The team's solution handles many of the tasks involved in utilizing the cloud, such as setting virtual compute nodes and parsing out which analysis jobs can be run in parallel.
Daniela Kenzelmann Broz, a postdoctoral researcher at Stanford University, says that DNAnexus allows her to do her own ChIP-seq and RNA-seq data analyses and have control over the analysis parameters without having any computer programming knowledge. "Without DNAnexus, I would have depended on collaborations for the analysis of my data," she says. "Also, we don't have the infrastructure in the lab for storage of huge amounts of data, so it is extremely convenient for us that the data for my samples is stored online."
In early March, Cycle Computing rolled out a family of specialized compute clusters that utilize the Amazon EC2 cloud and come equipped with a slew of pre-installed application sets for bioinformatics, proteomics, or computational chemistry. "We help to make it so that folks don't need to do any programming to run applications on the cloud," says Cycle Computing CEO Jason Stowe. "We spin up a cluster and make it so that the cluster environments grow and shrink depending on the demand or load on the cluster. That's where we've improved on what Amazon offers." The company's new service offers analysis pipelines that incorporate software favorites such as Gromacs, Bowtie, HMMER, and Blast.
Peter Tonellato, a senior research scientist at the Center for Biomedical Informatics at Harvard Medical School, is using a cloud management platform developed by RightScale, to ramp up translational and personalized medicine research. RightScale's platform allows his lab to enhance the overall usability of Amazon's cloud by linking multiple EC2 accounts, monitoring jobs, and controlling access for various lab members. "Their cloud platform has been a tremendous asset [to us]. We use it to reduce administrative overhead and accelerate our time to implementation," Tonellato says. "Over the past two years, we have provided substantive feedback to RightScale based on our approach to managing cloud resources to conduct a wide array of biomedical science and translational medicine computational resource projects with our collaborators from around the world.

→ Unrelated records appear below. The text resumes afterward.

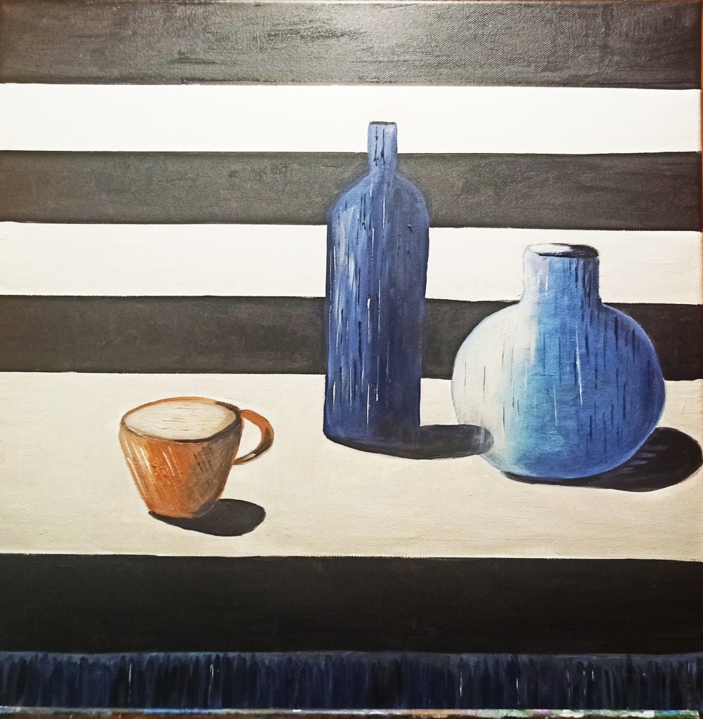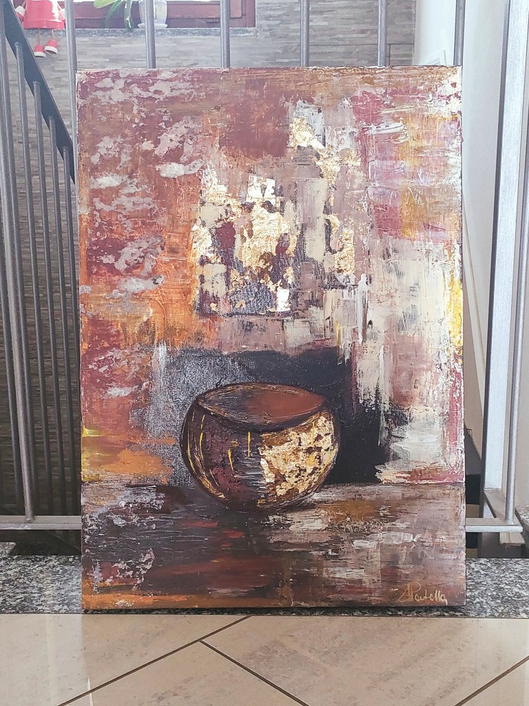 SODDISFATTA! 👍. Tela 50×70 amo la texture mi diverte e mi rilassa miscelare i prodotti sperimentare le nuove tecniche come la fluidpainting ma poi mi soffermo su ciò che mi affascina e mi tiene più concentrata e che soprattutto crea in me qualche emozione📌🤔 Da sempre la passione per le forme arrotondate, così armoniose e che si adattano ad ogni circostanza, un po’ lo stile della mia personalità 👉forse la mia parola chiave è amore? 🤔Il vuoto che riempie il pieno, dunque pronto a contenere , è un po’ come chi vede un bicchiere metà vuoto o metà pieno , perché solitamente vediamo il pieno che riempie il vuoto e non viceversa .Ricco di spiritualità questo vaso ,pronto a ricevere acqua….Amore.Non si può ricevere se non svuotandosi e donandosi.Potreste percepire il vuoto,il vuoto assoluto,senza significato,senza parole,definizioni.I singoli oggetti esistono perché il nostro sistema percettivo li scompone in immagini e le ricompone a modo suo,separando ciò che in realtà è unito come l ‘Amore universale. Comprendere che ciò che percepiamo è illusione e che al di là di essa ci attende una pienezza straordinaria,priva di giudizio e per questo perfetta ed assoluta .AMORE.
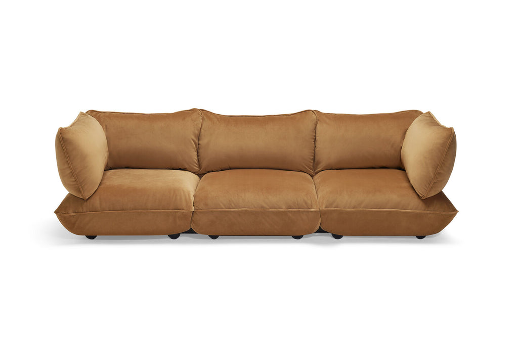 De modulaire, circulaire Indoor Sumo corner Sofa is stevig en sterk, stoer en stijlvol. En maximaal royaal, wat z'n ontwerp meteen iconisch maakt. Het metalen frame maakt ‘m extra robuust en de kussens van recycled schuim en stoffering blijven jaren en jaren stevig. Vlekken krijg je er zo af met een doekje, of je stopt de sterke hoezen in de was. Deze modulaire loungebank transformeert je woonkamer tot je favoriete hangout. Een hoekbank, loveseat of recordlange bank? Stel je ultieme Sumo Sofa-set samen en master the art of hanging out.
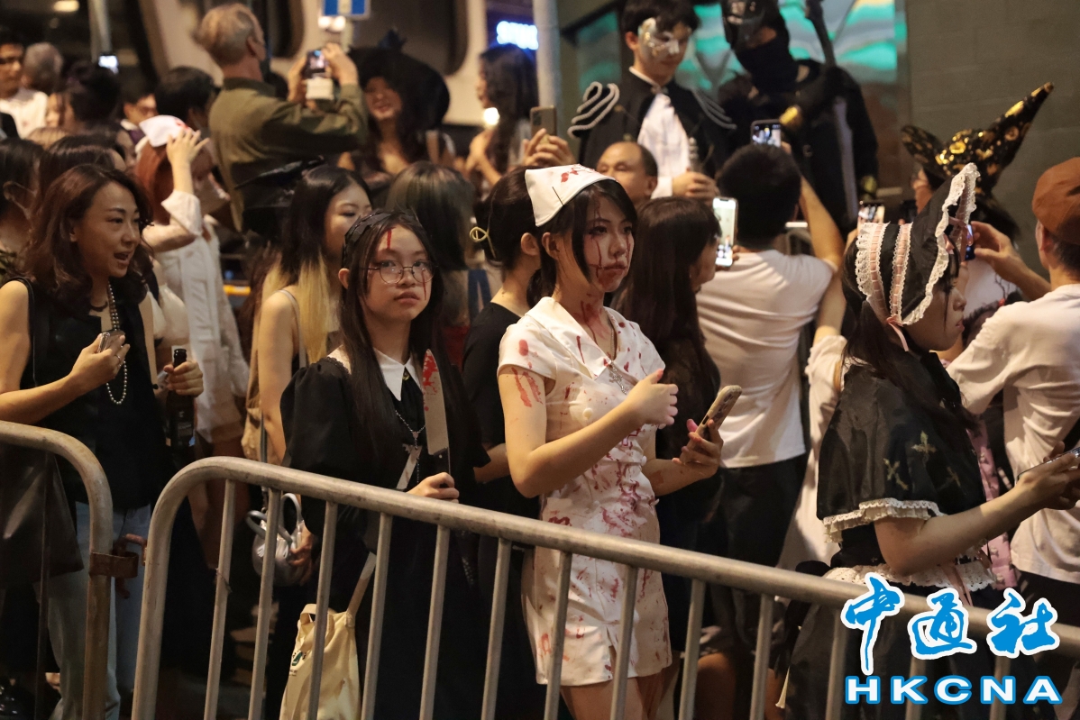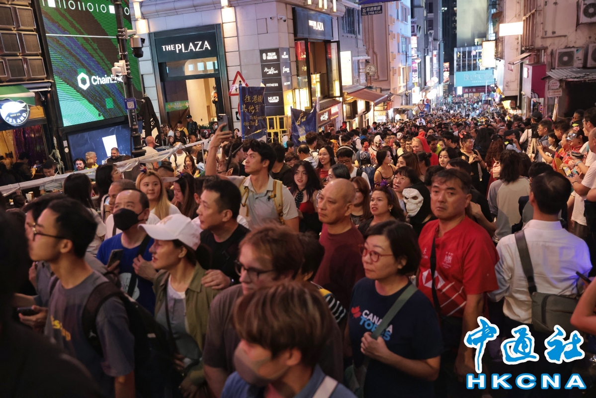 香港中通社图片(記者 謝光磊 攝) 萬聖夜的蘭桂坊,人流量有多誇張?中通社記者傍晚近7時實地探訪發現,窄窄的街道上,人流摩肩接踵,僅能龜速慢行。街兩旁有不少全副武裝的警察維護秩序,指揮人群在安全路線行走,防止過度擁擠。 “人太多了,都走不動路!”香港市民梁小姐下班後和朋友一起打扮來蘭桂坊過節,手裡還捧著文件夾,笑說這是最符合她今晚“打工族人設”的打扮。
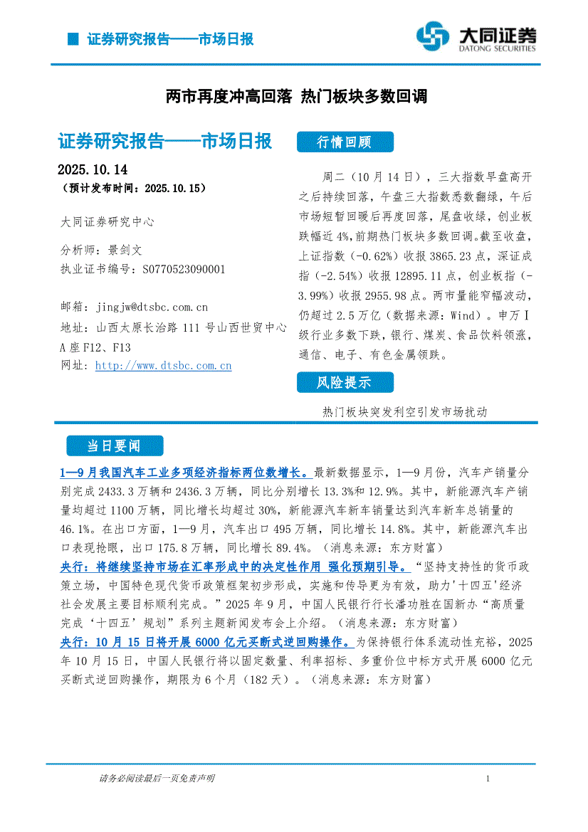大同证券-市场日报:两市再度冲高回落,热门板块多数回调-251014
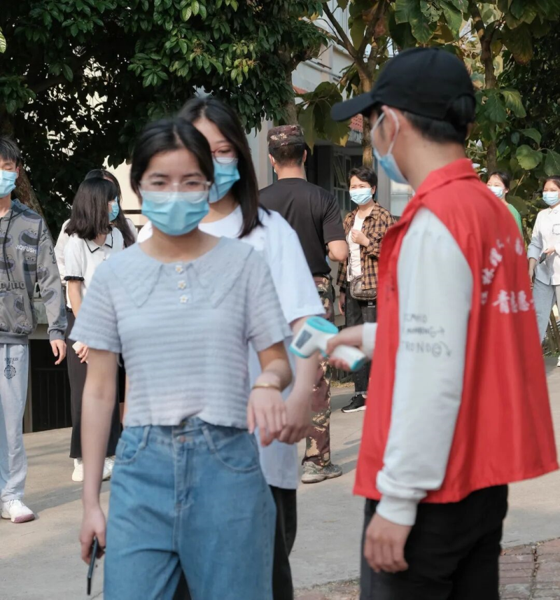 志愿者帮助测量体温和维持秩序
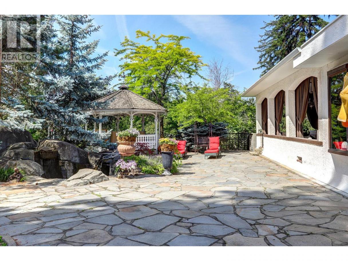Rare opportunity to own an iconic family estate rich in history and character. Originally built in 1910, this distinguished property blends timeless craftsmanship with thoughtful updates over its 5,500+ sq ft of combined living space. The gourmet kitchen features a large island, brick accents, high-end appliances, and a breakfast nook that opens to a stunning 500+ sq ft covered wrap-around porch. Entertain with ease in the formal dining room or unwind in the elegant living room with a grand stone fireplace and intricate millwork. The spacious main-floor primary suite and laundry offer convenient living. Upstairs, find three large bedrooms, a beautifully renovated bathroom with freestanding tub, and a sprawling rec room complete with a wet bar and deck. The basement has a separate entrance, and includes a workshop, sauna, multiple storage rooms, and a separate suite. Outdoors, enjoy the expansive terrace, irrigated gardens, pond, and extensive parking. Bonus features include a studio carriage house, two garage bays, storage sheds, and large barn with pull off and excellent road exposure. Gated and private, this exceptional estate offers a combination of legacy, luxury, and lifestyle in the heart of the North Okanagan. (id:6769)
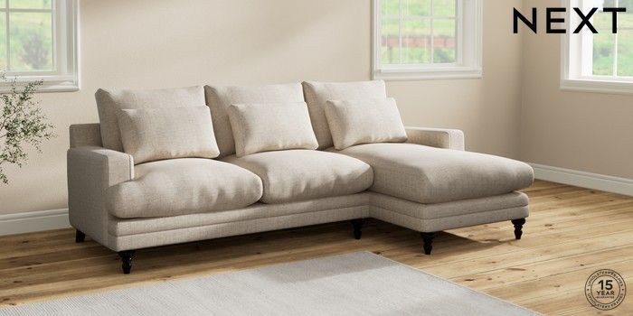 6.12.1 Buy Hutton Deep Relaxed Sit Medium Sofa Chaise - Right Hand Chunky Weave Mid Natural Country Turned - Dark from the Next UK online shop Click here to use our accessible website
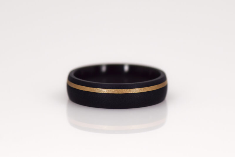 Jet-black, lustrous zirconium will withstand the many years you’ll wear this ring. And the strike of gold around its circumference—it’ll remind you to celebrate the small things.
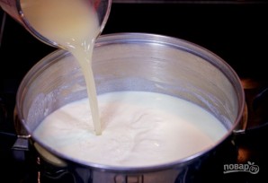6. Дадайце курны бульён у смяшаны са сметанкай і варыце 10 хвілін.
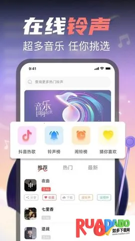 4、基于智能算法精准推荐音乐,实时更新各类音乐榜单,还能一键设置铃声,简化操作流程,为用户提供便捷、个性化的音乐体验。
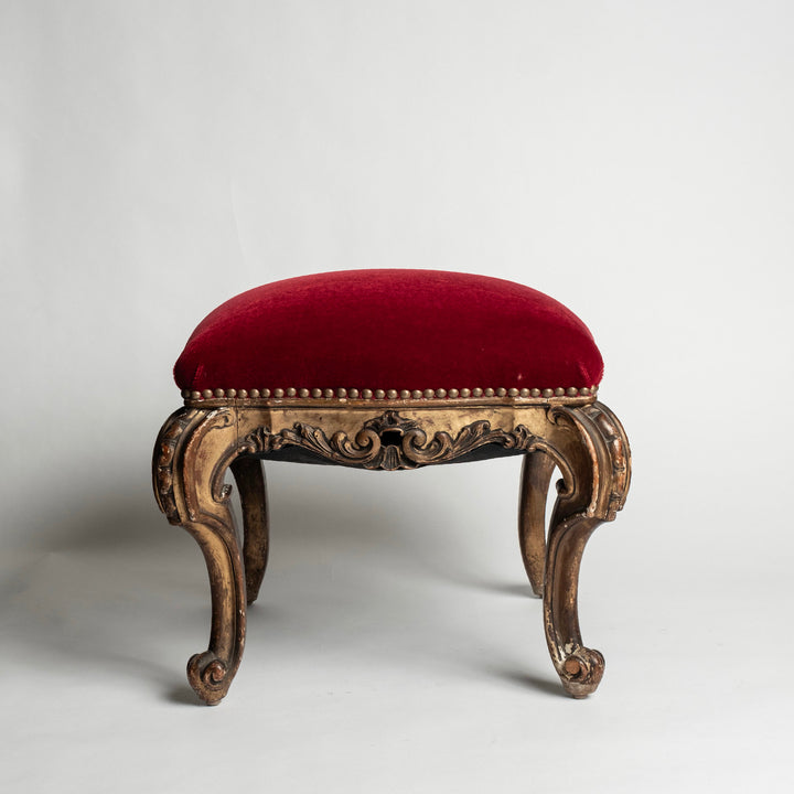Pair 19th Century Louis XV Style Gold Giltwood Rouge Red Mohair Tabourets
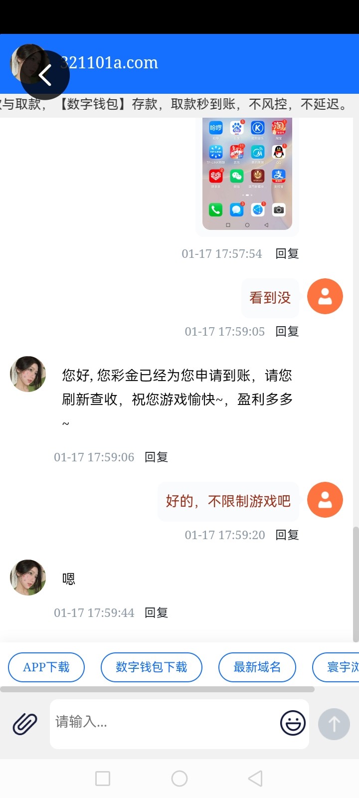 321101a.com 下载app绑定个人信息,找客服领18
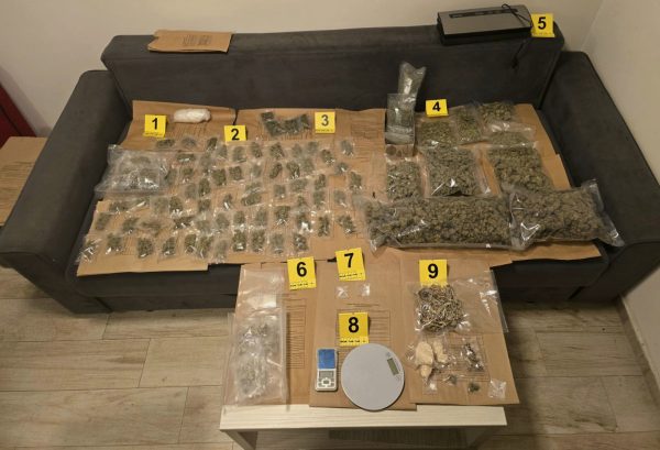 Policija je najpre pretresom kod osumnjičenog pronašla oko 500 grama praškaste materije nalik na kokain, a potom i pretresom stana koje on koristi, pronašla i pet kilograma biljne materije za koju se sumnja da je marihuana, kao i pola kilograma psihoaktivnih pečurki i oko 200 grama praškaste materije za koju se sumnja da je sintetička droga „kristal met“, saopštio je MUP.
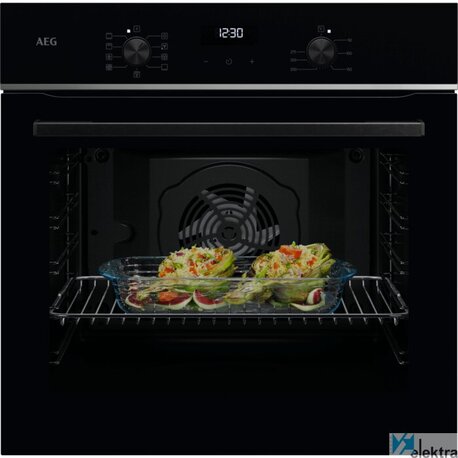 Horno multifunción Serie 5000 SurroundCook con Display LED de 72 litros con 9 funciones, mandos escamoteables Inox, puerta de 2 cristales, cristal negro con perfil Inox Infinity y tirador neRecipiente :
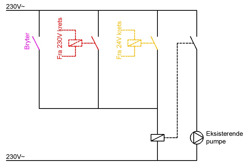 Pingla Skrevet 28. juli 2010 Skrevet 28. juli 2010 Ville brukt ett 24V relé, ett 230V relé og bryteren til å styre ett eget 230V relé for pumpen, da er alt galvaniskt skilt. Se vedlagte tegning.
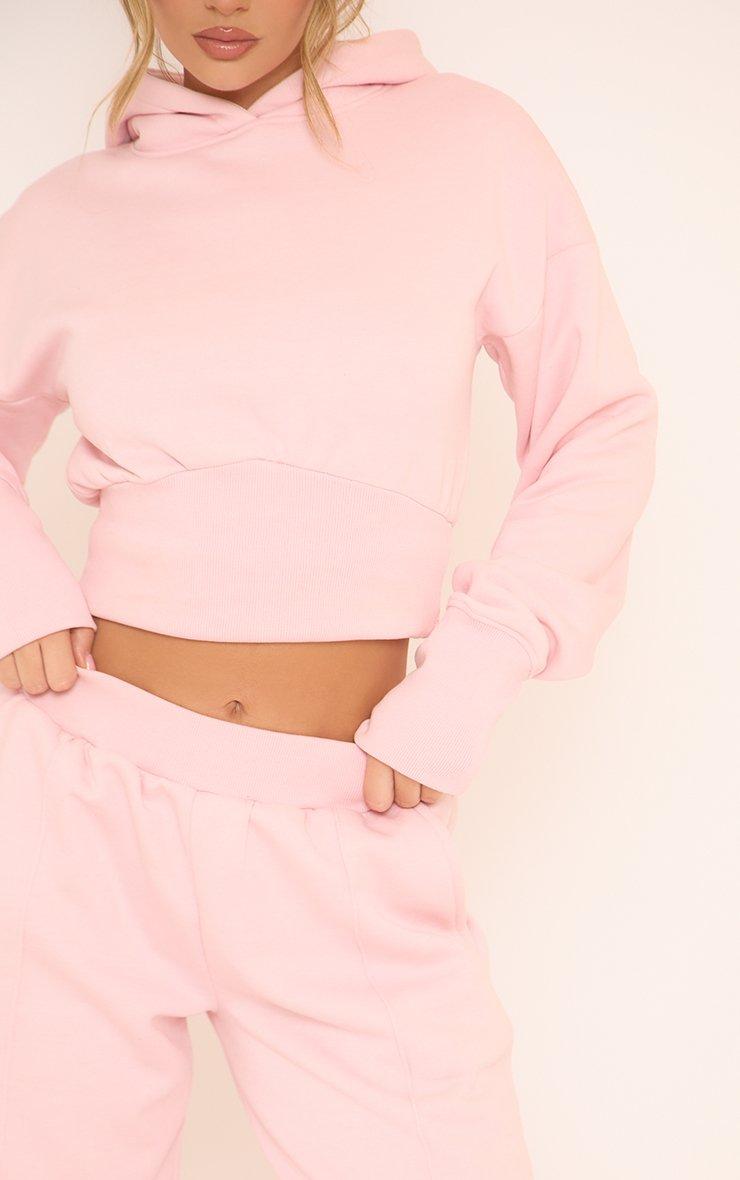 Long Sleeve Fitted Waist Cropped Hoodie In Pink
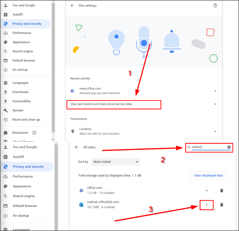 - Klik View site permissions and data stored across sites, zoek Outlook in de rechterbovenhoek, open het uitklapmenu door op het driehoekje te klikken.
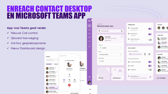 Via de Enreach Contact Desktop heb je één centrale plek voor al je contacten. Je leest en beantwoordt eenvoudig je voicemailberichten, zodat je nooit meer een belangrijk bericht mist. Daarnaast beheer je je bereikbaarheid flexibel: stel zelf in wanneer en hoe je oproepen wilt ontvangen, allemaal binnen één overzichtelijke interface.
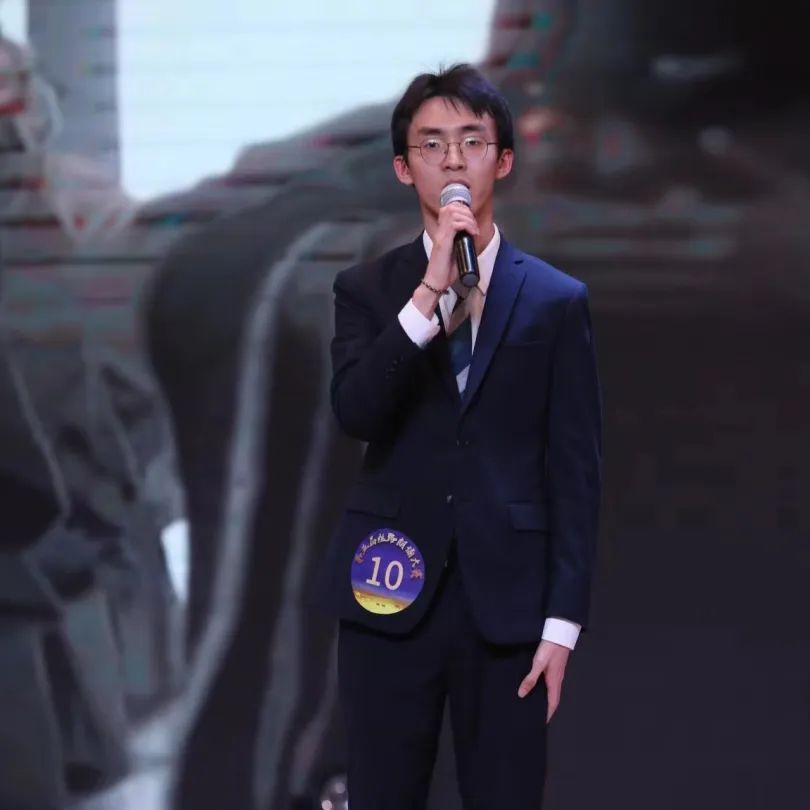 邢治豪,来自传媒学院,是华艺相声社的负责人。自幼热爱相声,自学快板儿艺术,喜欢中国传统艺术,从学校的舞台到登上珍友社,担任主持人、快板儿演员、相声演员、珍友社抖音视频剪辑等工作。在校期间,举办过两届相声大会,无偿培养相声社团的成员学习快板相声。
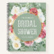 Decorative Boho Bridal Shower Gift List Notebook featuring custom bride's name template and bridal shower date. A whimsical and elegant bridal shower decor accessory that fits with the bohemian bridal shower theme. The design displays a feminine and stylish floral bouquet made up of muted red and white roses, botanical greenery, and white bridal shower typography.
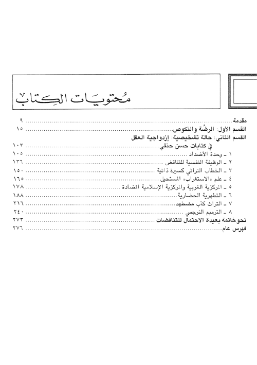 تناول الباحث ذلك ضمن قسمي هذا الكتاب: القسم الأول الرضة والنكوص، القسم الثاني: حالة تشخيصية، ازدواجية العقل في كتابات حسن حنفي، وحدة الأضداد، الوظيفة النفسية للتناقض، الخطاب التراثي كسيرة ذاتية، علم "الاستغراب" المركزية الغربية والمركزية الإسلامية المضادة، التطهرية الحضارية، التراث كأب مضطهد، الترميم النرجسي.نبذة الناشر:في هذا الكتاب، وهو الأول في موضوعه وفي منهجيته بالعربية، يمدد جورج طرابيشي على سرير التحليل النفسي الخطاب العربي المعاصر الذي بدأ ينتج نفسه ويعيد إنتاجها بآلية تكرارية منذ الرضة الحزيرانية عام 1967، ويخضعه لحفريات سيكولوجية تكشف عن بنيته التحتية ومعيناته اللاشعورية تحت مجهر ما يسميه المؤلف بـ"عصاب جماعي عربي" وهو العصاب النكوصي الذي يتمظهر من خلال خطاب التراث كما تمارسه شريحة واسعة من الانتلجنسيا العربية.

The cloud paradigm and their console have lowered barriers to collaboration and reduced overall costs significantly."
From Dagdigian's vantage point as an IT consultant, the need for these cloud managers is real, and while the number of vendors catering to bioinformatics might not exactly grow, the market will. "There's a whole bunch of boring plumbing that is related to job management, monitoring, and scaling — there are good business opportunities for middlemen to get in there," he says. "It's not a competitive advantage to my science to be writing grid monitoring software, so if I can have a Cycle Computing or RightScale do it for me, I can go back to doing research."